In a metabolic model, correct mass balance in the reactions is critical for the quality of predictive power[7]. Elemental and charge balances can be calculated and analyzed only if the model contains the formula and charge for the metabolites respectively. All the metabolites were assigned formula and charge with reference from CHEBI (Chemical Entities of Biological Interest), PubChem (NIH) and BiGG Database (UCSD)[33]. For metabolites having ambiguous alkyl group (-R), the alkyl group was considered as a conserved moiety “R” in the metabolite formula. The default metabolite ID was replaced by standard nomenclature (MIRIAM) for genome-scale metabolic reconstruction as used elsewhere for well-established models iMM904, iAF1260, etc. The assigned ID captured both the information regarding the chemical name and the compartments of the metabolites. Similar assignment was made for reactions in the reconstruction. Further refinement of the model was necessary with regard to the gaps in the biosynthetic pathways and the ambiguous reversibility of the reactions.

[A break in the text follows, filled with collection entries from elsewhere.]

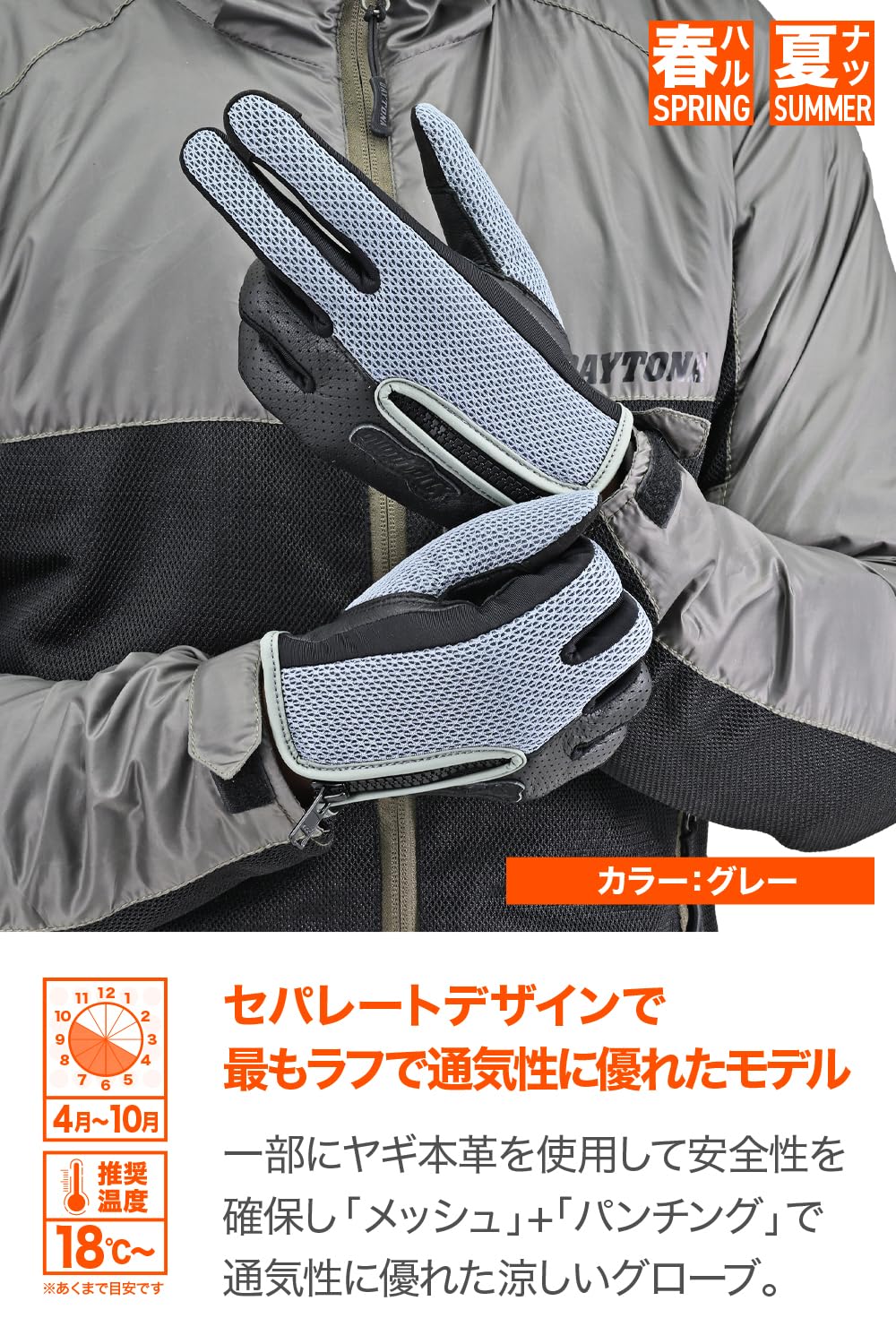 【人気商品】デイトナ(Daytona) バイク用 グローブ 春夏 手のひら本革(ヤギ革) スマホ対応 パンチングレザー パーシャルフィット メッシュグローブ DG-011 グレー Mサイズ 46128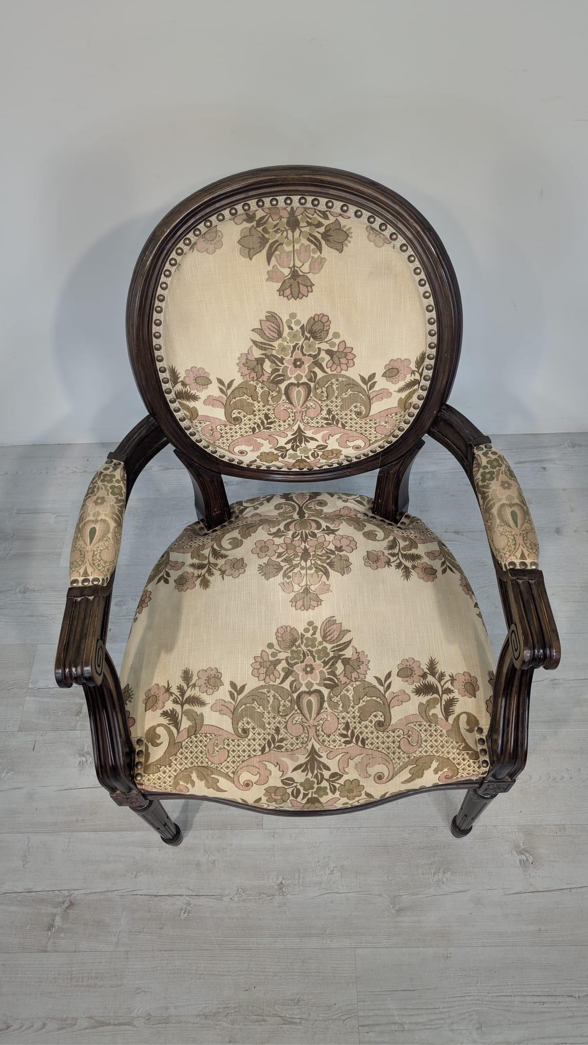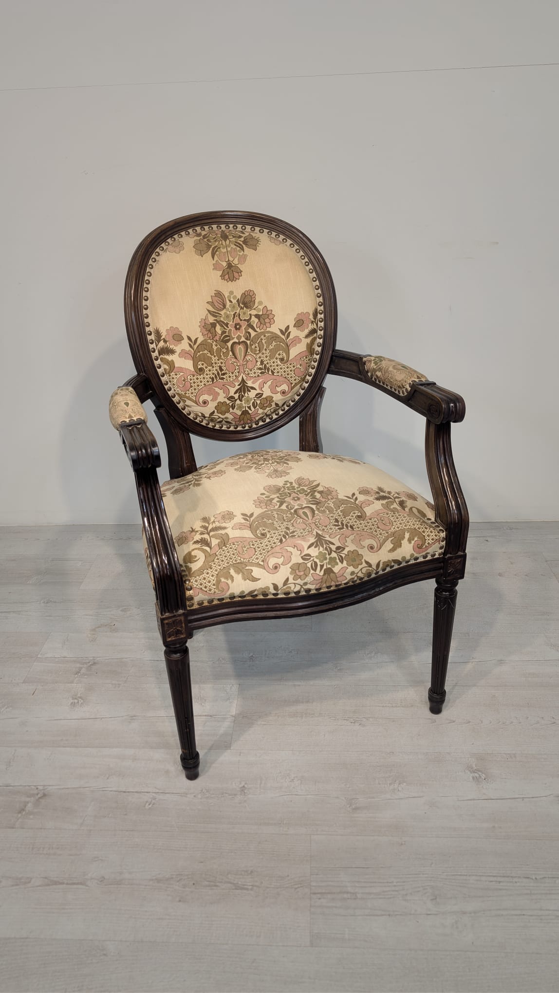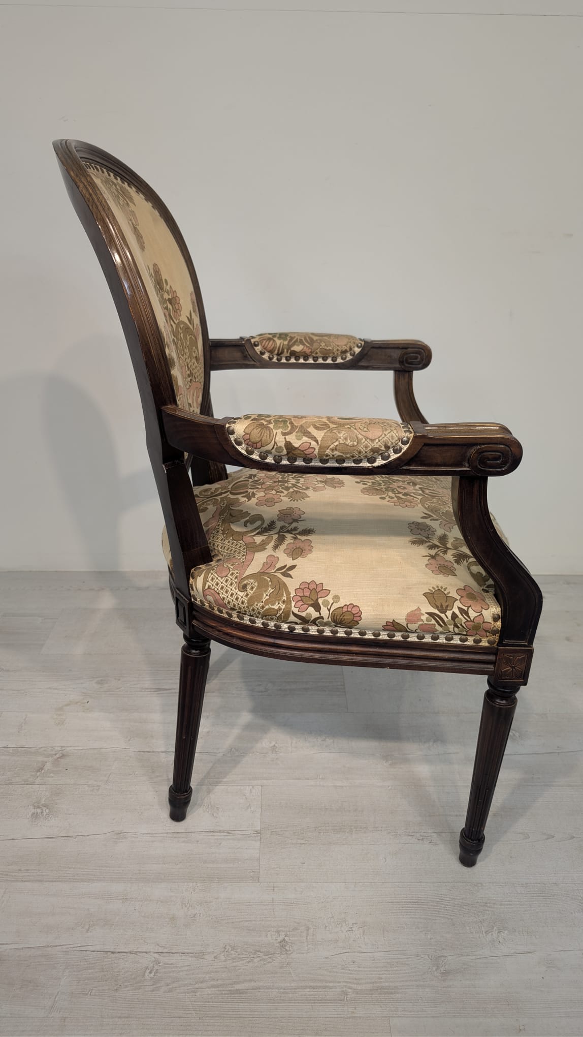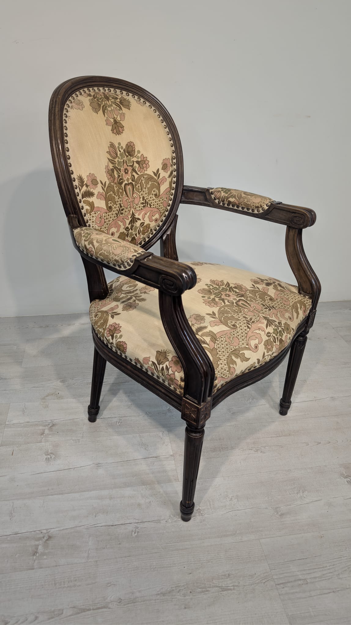 Stylowy fotel w stylu Ludwika XVI, wykonany z drewna orzechowego. Posiada okrągły, wytłaczany wzór na oparciu oraz tapicerkę w kwiatowy wzór. Mebel jest używany, ale w dobrym stanie. Idealny do uzupełnienia klasycznego wystroju wnętrza.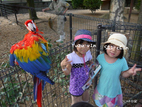 悠々と毛づくろい(羽根つくろい?)する鳥と、近すぎて緊張してるちびっこ達(笑)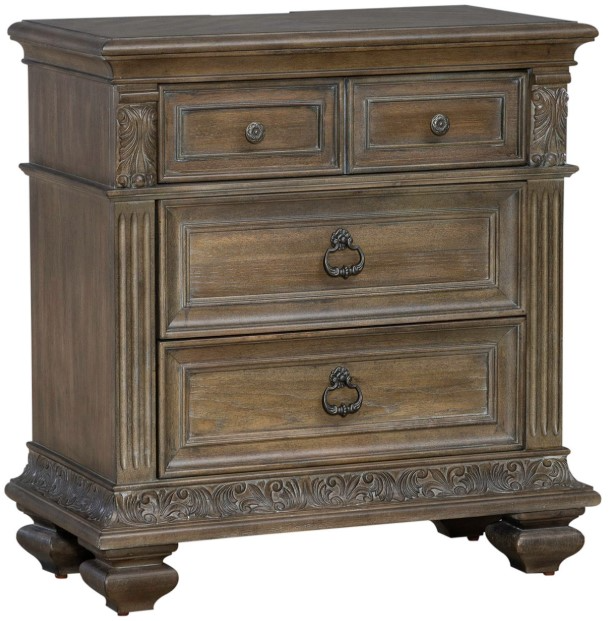The base features acanthus leaf carvings and square turned bun feet. There are three full extension drawers that are great for storage. The top drawer has a bluff-cut drawer front giving the illusion of multiple smaller drawers while still offering deep storage. The drawer fronts are wood framed and feature bead molding for added dimension and are accented with antique brass knob and drop ring hardware. The top drawer is felt lined, and the bottom drawer is lined with cedar. Utilize the convenience of the built-in charging station complete with two electrical outlets and two USB ports. Combine the grand feel of the past with today’s luxurious lifestyle with the Carlisle Court bedside chest with charging station.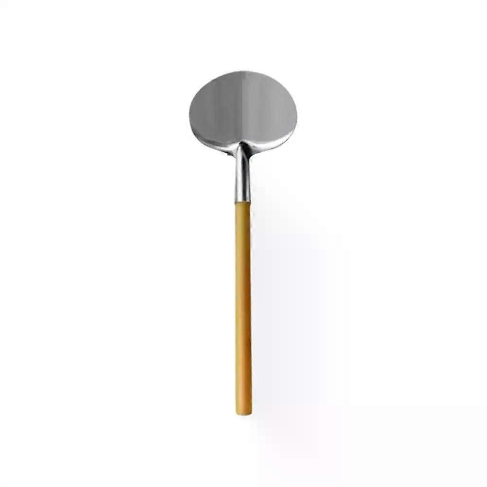 Country Home manche en bois en acier inoxydable bouche ronde spatule ethnique originale antiadh��sive Tujia poign��e groupe Wok en bois A2W2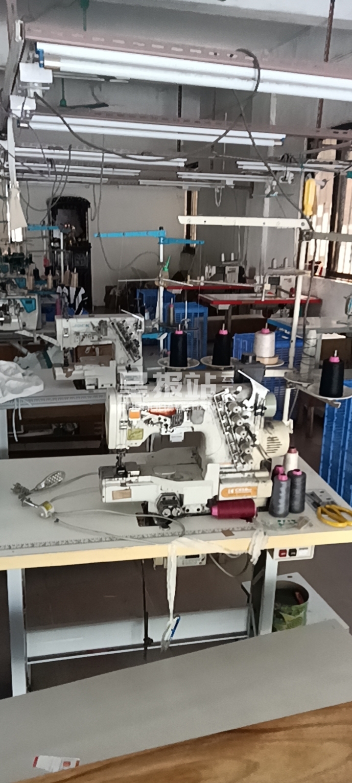 裤头车:1台,平车:8台,电烫炉:1台,打边机:5台,电剪:2台,烫台:1台,冚车:2台,唛架机:1台,裁床:1台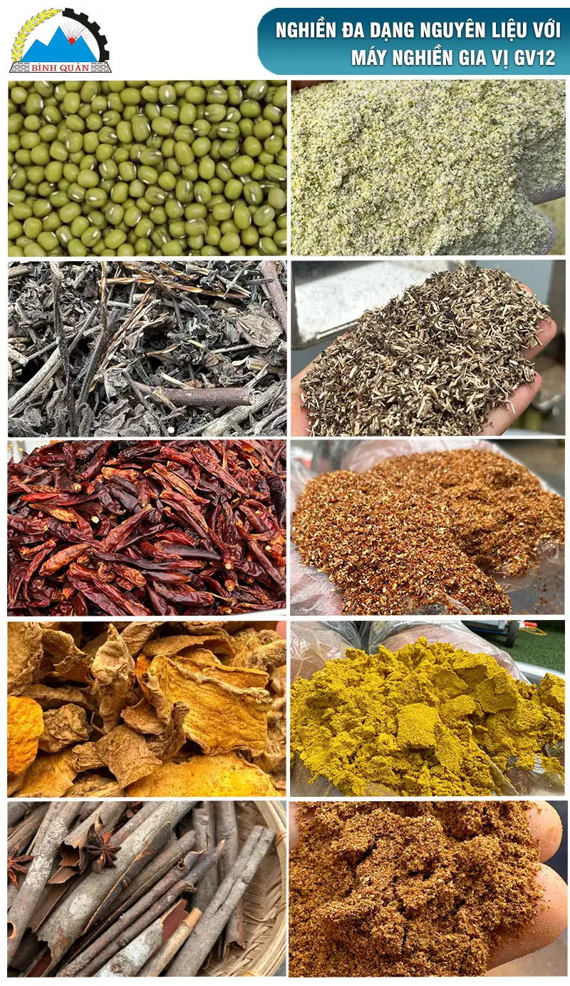 - Máy nghiền đa dạng nguyên liệu: gạo; hạt đỗ; gia vị..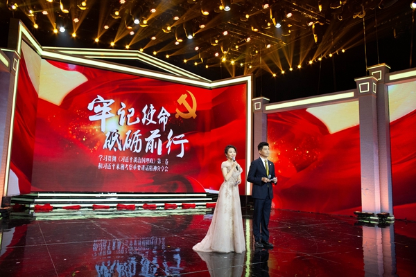 作为湖南广电党委理论学习中心组学习的重要内容,本次分享会创新性地把理论学习活动搬到了演播厅,既是一次党员干部的学习分享,也是一堂生动党课。活动现场,12个部门、单位结合实际工作,采取舞台剧、演讲秀等方式,生动演绎了《人民至上》《“熄灯号”后的视频会》《新时代的扁担精神》等一批学习节目,展示了学习贯彻《习近平谈治国理政》第三卷和习近平来湘考察重要讲话精神的丰硕成果。此外,“书记领学”作为本次活动的一项重要内容,12个部门、单位的党组织书记还参与录制了微访谈,畅谈了个人学习心得体会和本部门、单位的学习实践工作。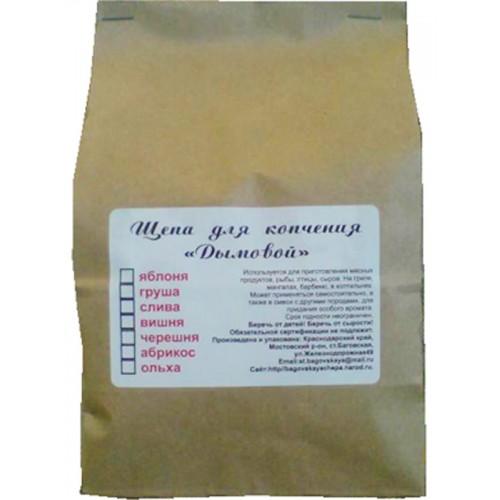Фруктовая щепа для копчения - это смесь щепы абрикоса, черешни и яблони. Дым от фруктовой щепы придаёт продукту приятный аромат и цвет. Фруктовая щепа применяется при копчении мяса, сала, рыбы. Щепа расфасована в пакеты. В пакете 1,7 кубических дециметра щепы. Этого достаточно для 10 - 12 копчений.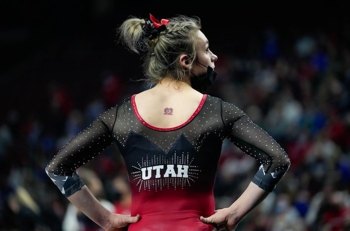 (Francisco Kjolseth | The Salt Lake Tribune) Utah’s Grace McCallum waits her turn on the floor as she honors the memory of football players Ty Jordan and Aaron Lowe along with the rest of the gymnastics team at the Best of Utah NCAA Gymnastics Meet at the Maverik Center in West Valley City on Friday, Jan. 7, 2022.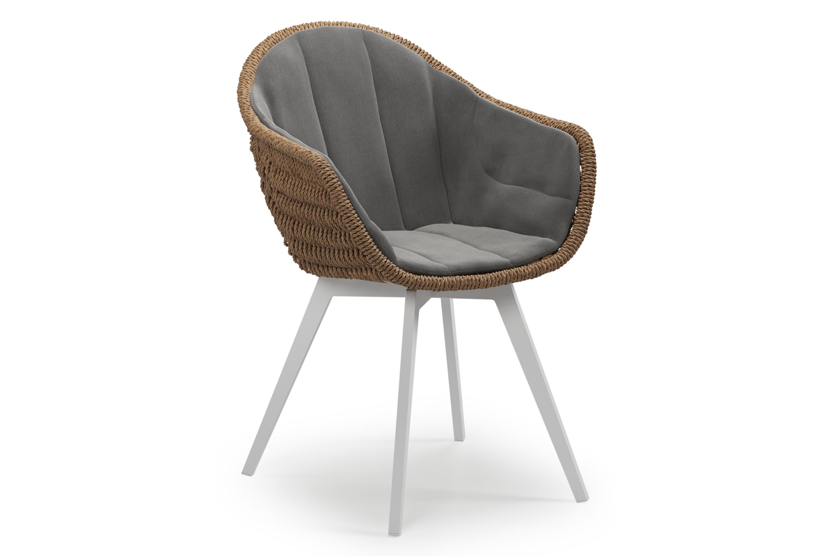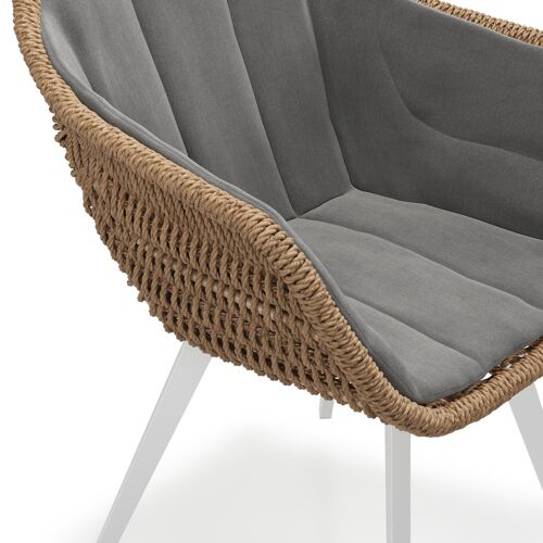 Pagino tuinstoel in wit aluminium en bruin ronde wicker met zitkussen in All Weather Sunbrella® Luxe Natte Charcoal Chine | Exterioo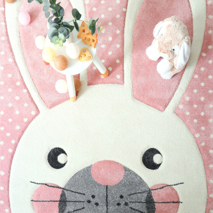 Tapis enfant fille - Lapin blanc - Rose pastel à pois

To assign the correct reversibility of the metabolic reactions, the iMM904 model was used as a template and homologous reactions were mapped to the draft model based on modelSEED reaction (Table S5, Supplementary Information). This corrected 82.5 % (1018 of 1232 reactions) of the inconsistencies in the reversibility of the reactions. The remaining inconsistencies were resolved by manual curation using COBRApy[34]. Upper and lower bound for internal reversible reactions were set to a high flux value i.e. 1000 mmol gdw-1 hr-1 to allow unconstrained flux through the internal metabolic network. For irreversible reactions, a lower flux bound of zero was assigned to restrict any flux in the reverse direction. The reversibility information on such ambiguous reactions was obtained from MetaCyc, KEGG and previously published datasets[35] on metabolic reactions. The irreversible reactions comprised of reactions that involve i) ATP as reactant ii) Oxygen as the product and iii) Reactions involving NADH and NADPH. (Fig 1B). These are due to the high enthalpy of the reactions associated with ATP breakdown, NADH/NADPH consumption and the fact that the cell cannot produce oxygen through its metabolism[7]. Through this semi-automated correction of the reversibility, 879 reactions were subject to irreversible flux bounds.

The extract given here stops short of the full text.